[Extracted material]

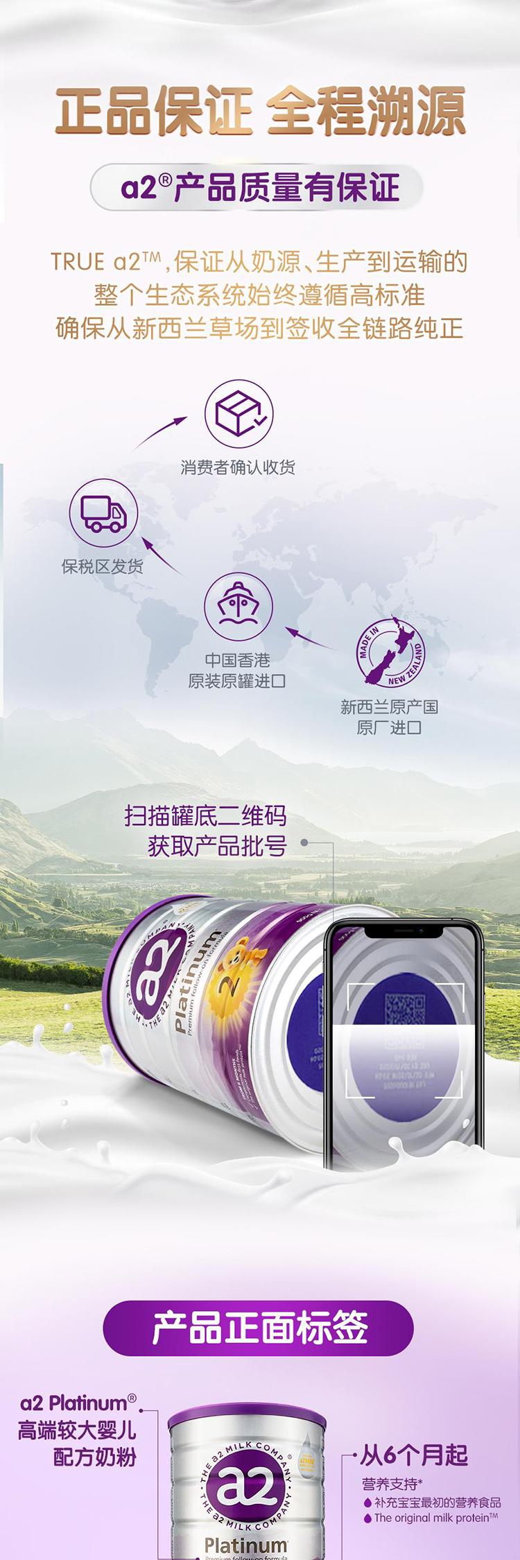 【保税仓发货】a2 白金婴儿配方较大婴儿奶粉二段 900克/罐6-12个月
* * *
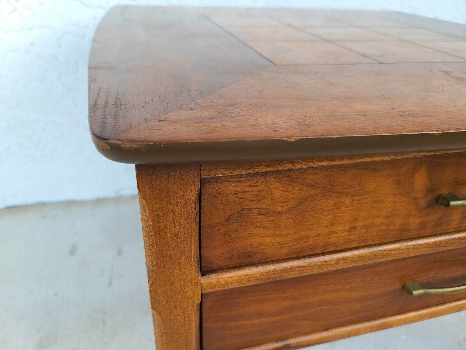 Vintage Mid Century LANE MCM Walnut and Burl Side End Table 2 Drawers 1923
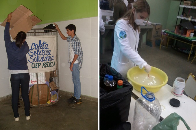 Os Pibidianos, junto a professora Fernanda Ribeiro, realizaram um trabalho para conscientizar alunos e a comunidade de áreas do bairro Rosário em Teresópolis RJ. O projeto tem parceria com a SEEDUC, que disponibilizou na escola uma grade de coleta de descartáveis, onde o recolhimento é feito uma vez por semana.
--
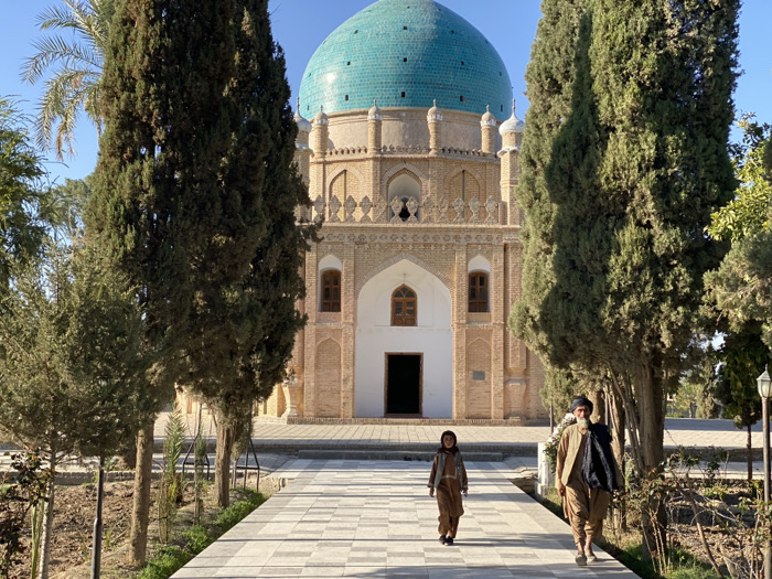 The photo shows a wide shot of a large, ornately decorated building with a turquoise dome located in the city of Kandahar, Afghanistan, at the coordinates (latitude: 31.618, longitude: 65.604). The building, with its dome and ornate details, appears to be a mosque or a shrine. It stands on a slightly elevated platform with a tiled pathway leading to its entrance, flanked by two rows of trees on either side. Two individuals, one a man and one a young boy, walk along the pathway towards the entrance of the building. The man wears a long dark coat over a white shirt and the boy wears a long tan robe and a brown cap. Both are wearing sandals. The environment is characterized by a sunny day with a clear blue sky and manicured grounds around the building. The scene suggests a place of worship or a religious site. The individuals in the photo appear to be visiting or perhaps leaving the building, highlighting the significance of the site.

[About this exercise] Going by the data above, give back only the lines from the one containing "Vintage Mid Century" through the one containing "Os Pibidianos, junto", exactly as they stand, both ends included and no images.

[Response area]
 Vintage Mid Century LANE MCM Walnut and Burl Side End Table 2 Drawers 1923
 Os Pibidianos, junto a professora Fernanda Ribeiro, realizaram um trabalho para conscientizar alunos e a comunidade de áreas do bairro Rosário em Teresópolis RJ. O projeto tem parceria com a SEEDUC, que disponibilizou na escola uma grade de coleta de descartáveis, onde o recolhimento é feito uma vez por semana.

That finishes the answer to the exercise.